## What the task asks
This calls for a verbatim copy of all the data, with no images carried over.

## Dataset extract
----------------

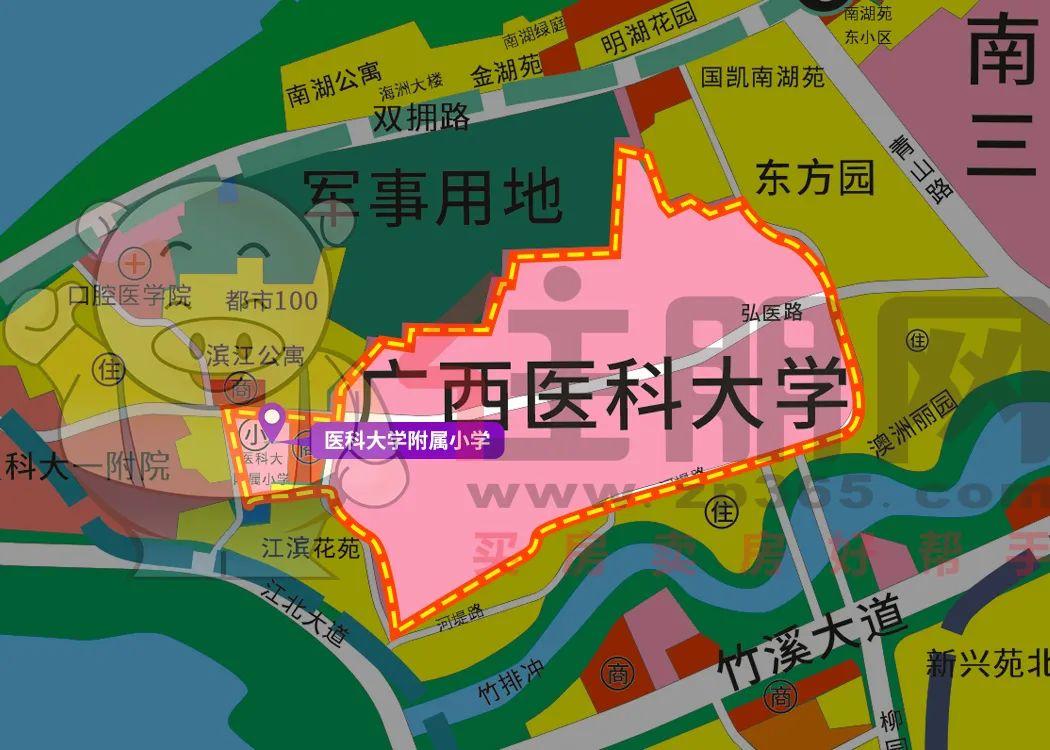 双拥路:22号广西医科大学教职工宿舍、医科大学附属医院职工宿舍(接收符合条件的教职工子女)。
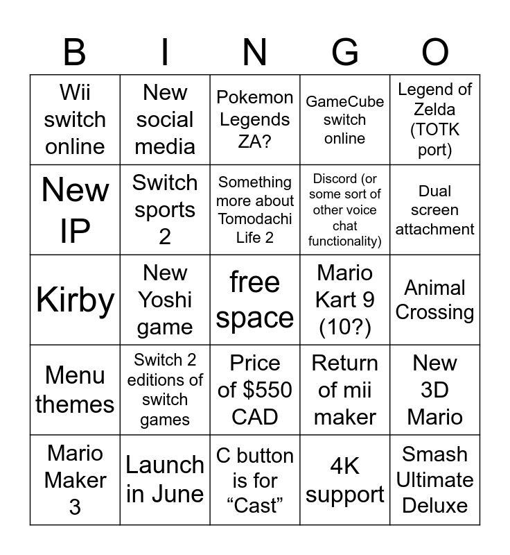 This bingo card has a free space and 24 words: Switch 2 editions of switch games, Launch in June, Something more about Tomodachi Life 2, Mario Maker 3, Legend of Zelda (TOTK port), Wii switch online, New IP, New social media, Mario Kart 9 (10?), Price of $550 CAD, Discord (or some sort of other voice chat functionality), Kirby, Return of mii maker, New 3D Mario, Switch sports 2, 4K support, Animal Crossing, Pokemon Legends ZA?, Dual screen attachment, New Yoshi game, Smash Ultimate Deluxe, Menu themes, GameCube switch online and C button is for “Cast”.
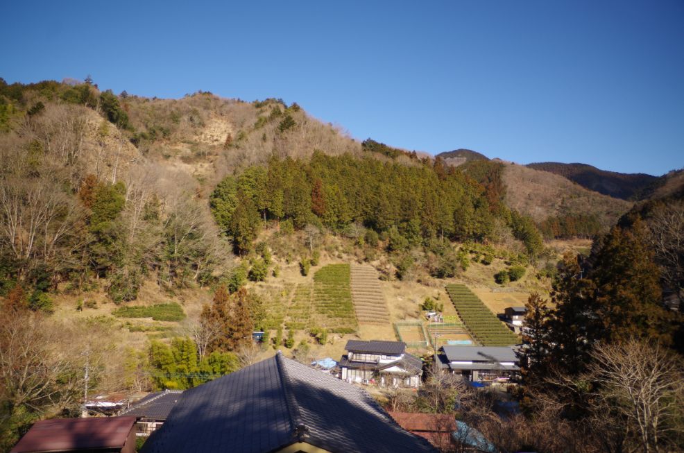 しばらく急な舗装路が続き、茶畑ののどかな風景があっという間に下になる。
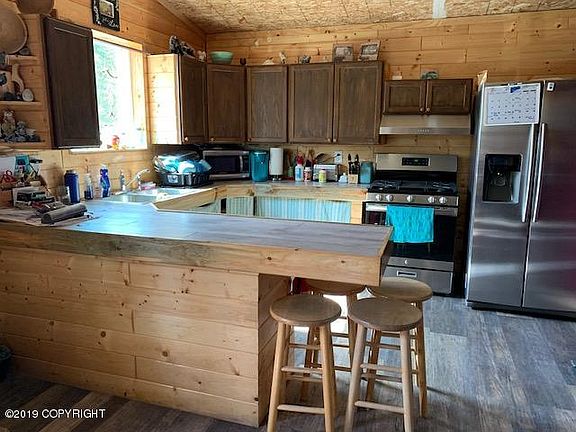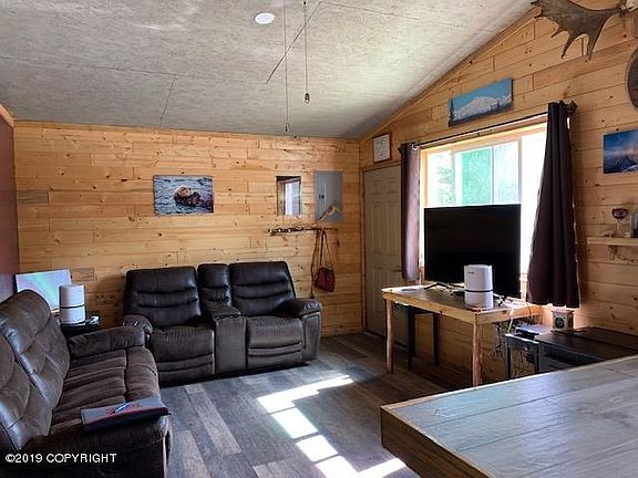 This adorable starter home has 3 bedrooms, one bath, tongue & groove walls for the Alaskan Cabin look and feel, corner lot with circular driveway and over an acre to expand with a shop and garage. This one is priced to sell, bring all offers!

----------------

## Response box
 双拥路:22号广西医科大学教职工宿舍、医科大学附属医院职工宿舍(接收符合条件的教职工子女)。
 This bingo card has a free space and 24 words: Switch 2 editions of switch games, Launch in June, Something more about Tomodachi Life 2, Mario Maker 3, Legend of Zelda (TOTK port), Wii switch online, New IP, New social media, Mario Kart 9 (10?), Price of $550 CAD, Discord (or some sort of other voice chat functionality), Kirby, Return of mii maker, New 3D Mario, Switch sports 2, 4K support, Animal Crossing, Pokemon Legends ZA?, Dual screen attachment, New Yoshi game, Smash Ultimate Deluxe, Menu themes, GameCube switch online and C button is for “Cast”.
 しばらく急な舗装路が続き、茶畑ののどかな風景があっという間に下になる。
 This adorable starter home has 3 bedrooms, one bath, tongue & groove walls for the Alaskan Cabin look and feel, corner lot with circular driveway and over an acre to expand with a shop and garage. This one is priced to sell, bring all offers!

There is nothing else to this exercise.